# [SOURCE DATA]
┄┄┄┄┄┄┄┄┄┄
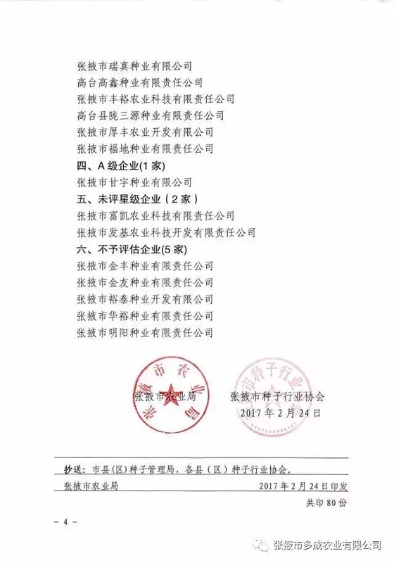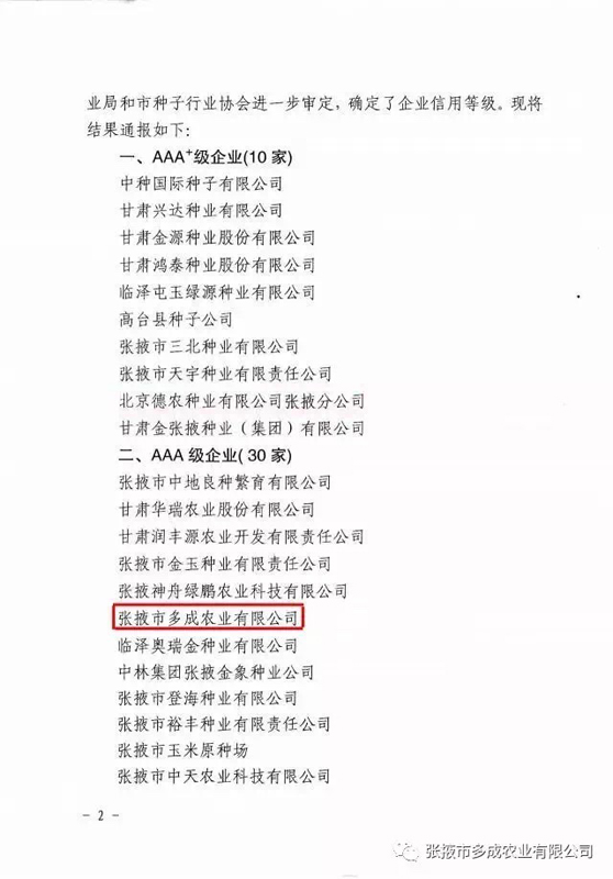 | 熱烈祝賀張掖市多成農(nóng)業(yè)有限公司被評為2017年度信用等級AAA級企業(yè)!! | ||
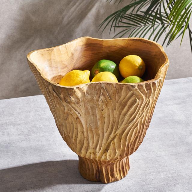 ボウル 木製 チーク ウッド トレイ トレー デコレーション テーブル ディスプレイ アート 収納 小物 入れ フルーツ バスケット オブジェ 14053
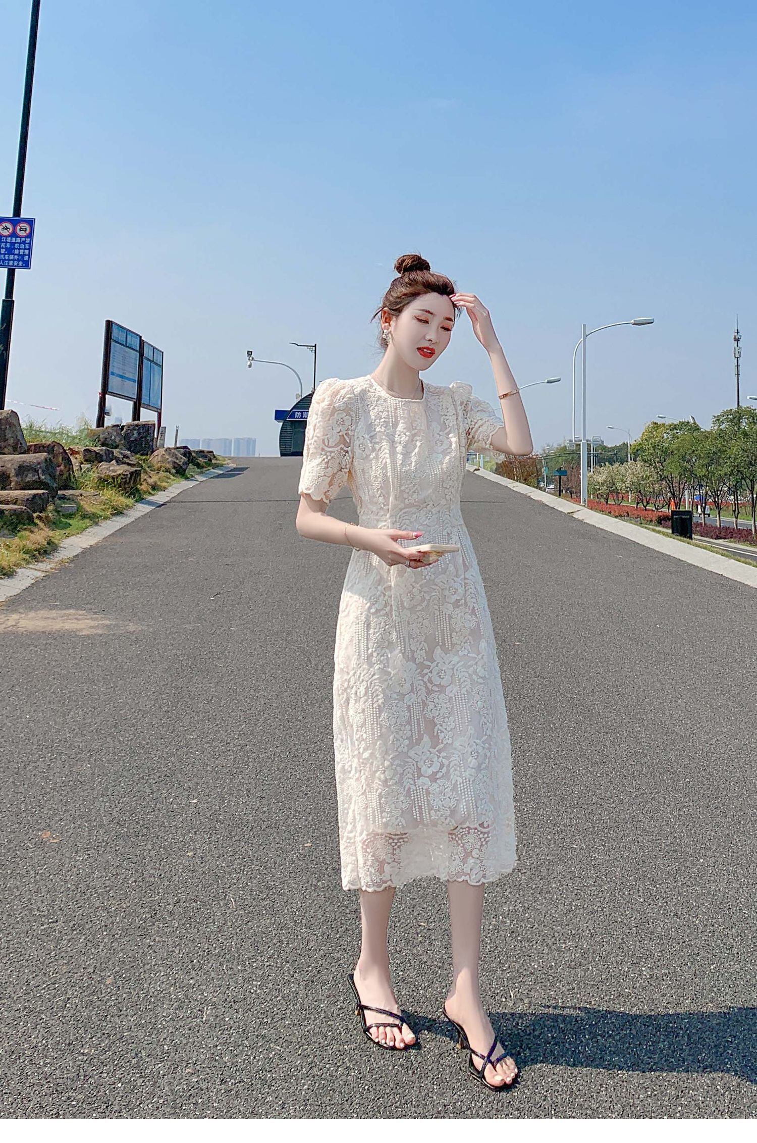 【ワンピース】 ワンピース レディース おしゃれ きれいめ 可愛い 春 夏 秋 ワンピース 20代 30代 40代 ミモレ ワンピース 半袖 韓国 ワンピース ホワイト 白 ブルー 青 水色 S M L XL
┄┄┄┄┄┄┄┄┄┄
# [REQUIRED WORK]
Leaving the pictures aside, transcribe only the lines from the one containing "ボウル 木製 チーク ウッド" to the final line of the listing above, inclusive, exactly as they appear.

# [SOLUTION FOR THIS PROBLEM]
 ボウル 木製 チーク ウッド トレイ トレー デコレーション テーブル ディスプレイ アート 収納 小物 入れ フルーツ バスケット オブジェ 14053
 【ワンピース】 ワンピース レディース おしゃれ きれいめ 可愛い 春 夏 秋 ワンピース 20代 30代 40代 ミモレ ワンピース 半袖 韓国 ワンピース ホワイト 白 ブルー 青 水色 S M L XL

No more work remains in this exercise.